=== Dataset excerpt ===
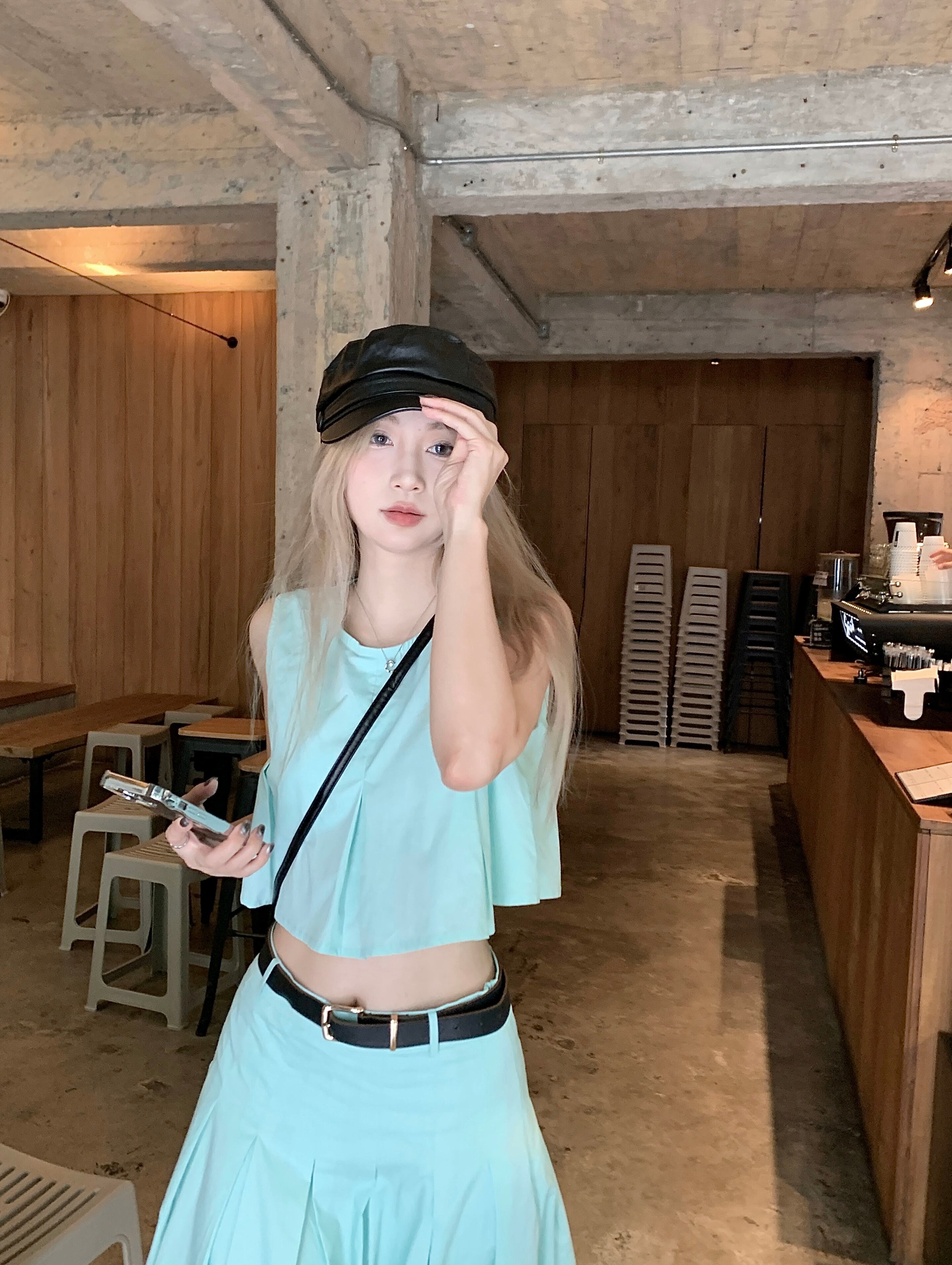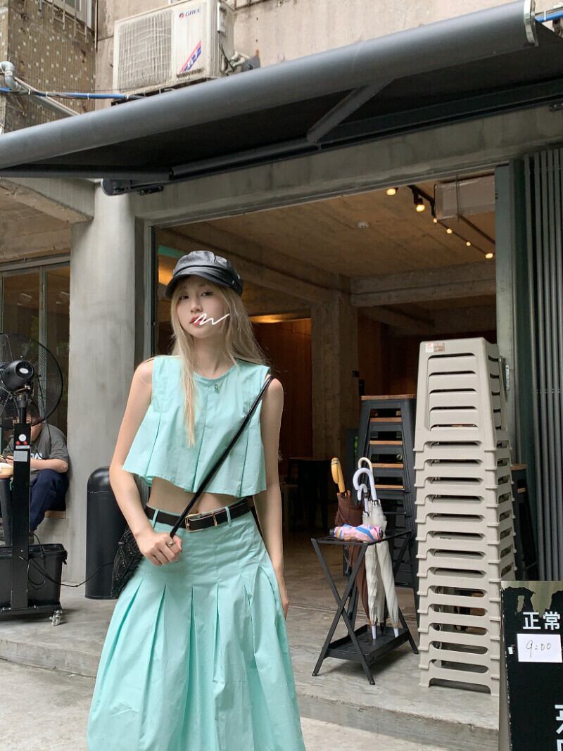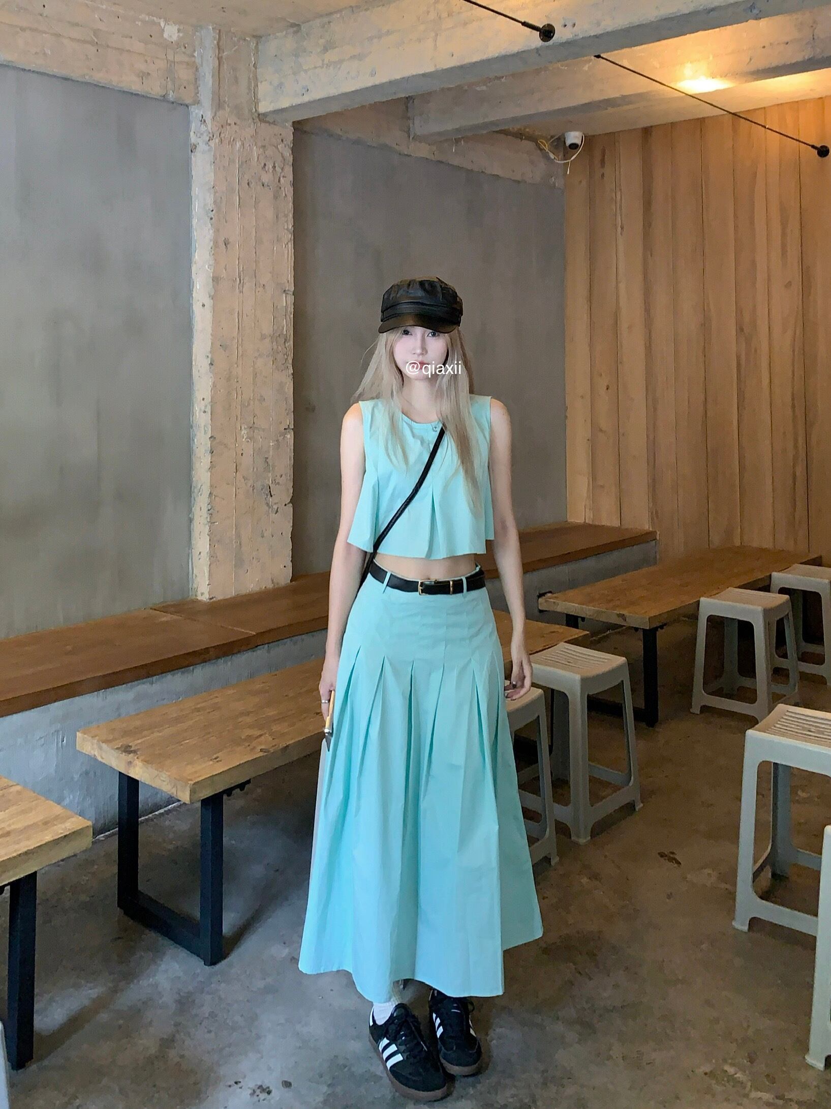 ミニマリスト グリーン スーツ レディース 夏 ノースリーブ プリーツ タンクトップ ミディアム丈 スカート 2点セット 服 サマー 夏物
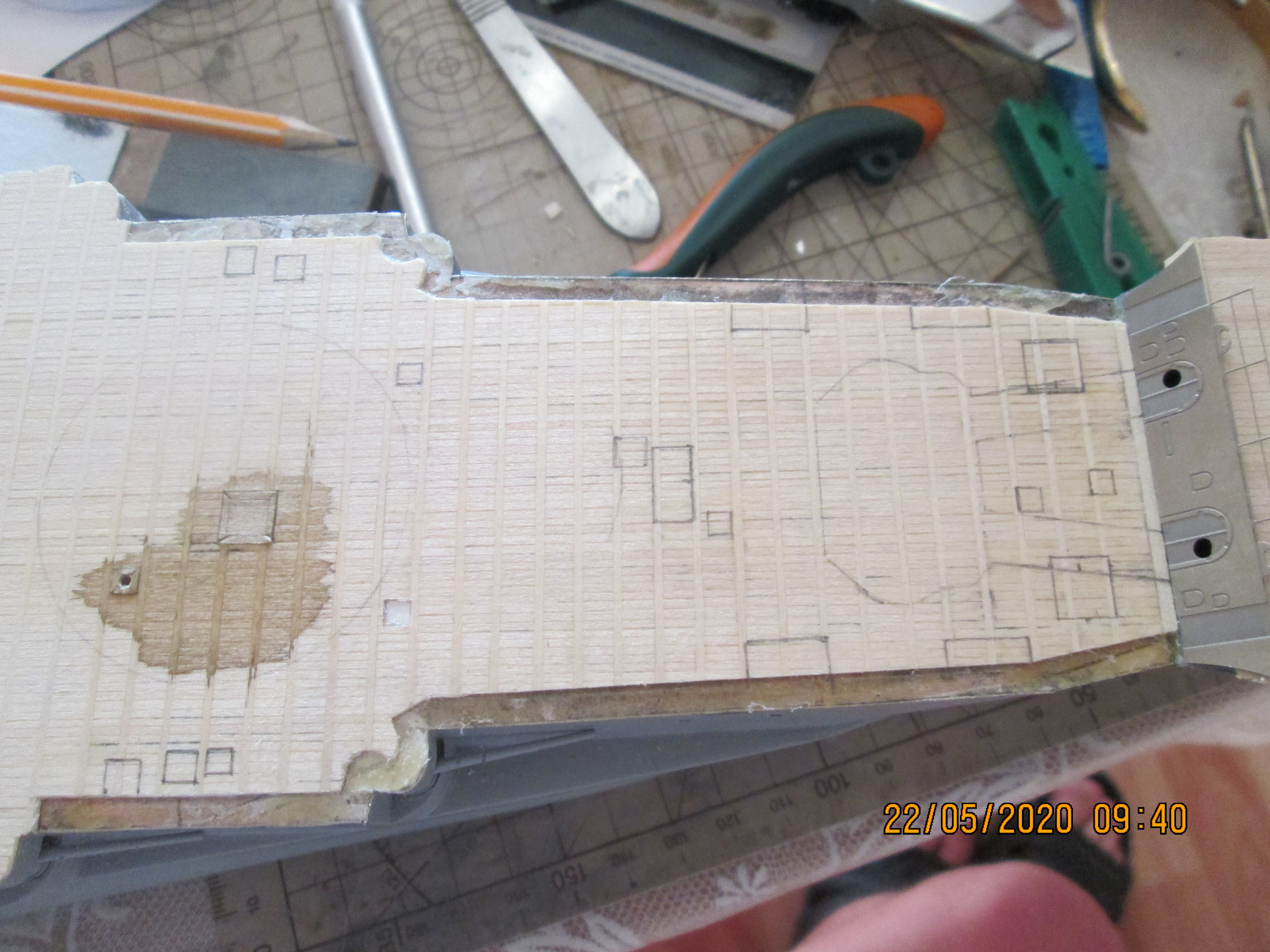 Далее. Размечаем расположение элементов. Прорезаем и выковыриваем. Вклеиваем подготовленные площадки.После высыхания клея прорезаем на площадках имитацию досок. Останется только просверлить отверстия.
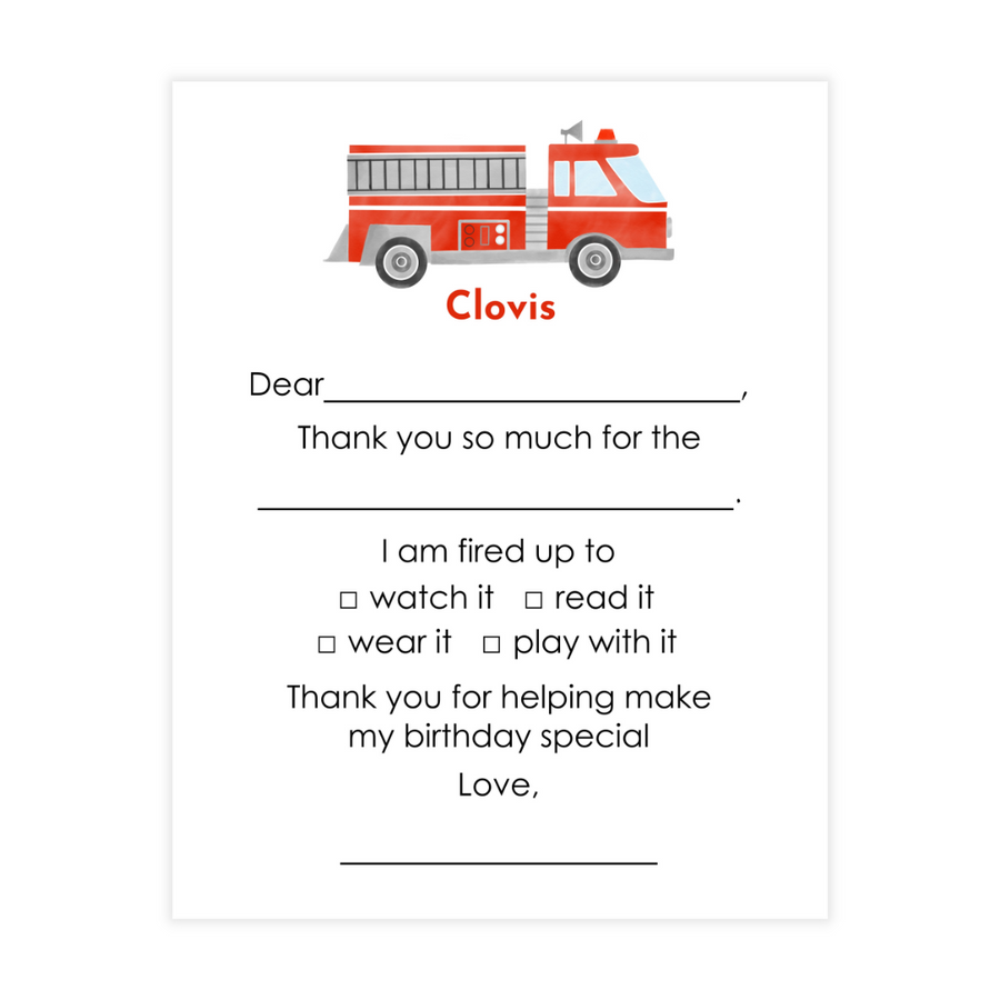 Firetruck Fill-In Thank You Note Cards
===
▶ [What to produce]: Output the full material exactly as given, without its pictures.

▶ [Written response]:
 ミニマリスト グリーン スーツ レディース 夏 ノースリーブ プリーツ タンクトップ ミディアム丈 スカート 2点セット 服 サマー 夏物
 Далее. Размечаем расположение элементов. Прорезаем и выковыриваем. Вклеиваем подготовленные площадки.После высыхания клея прорезаем на площадках имитацию досок. Останется только просверлить отверстия.
 Firetruck Fill-In Thank You Note Cards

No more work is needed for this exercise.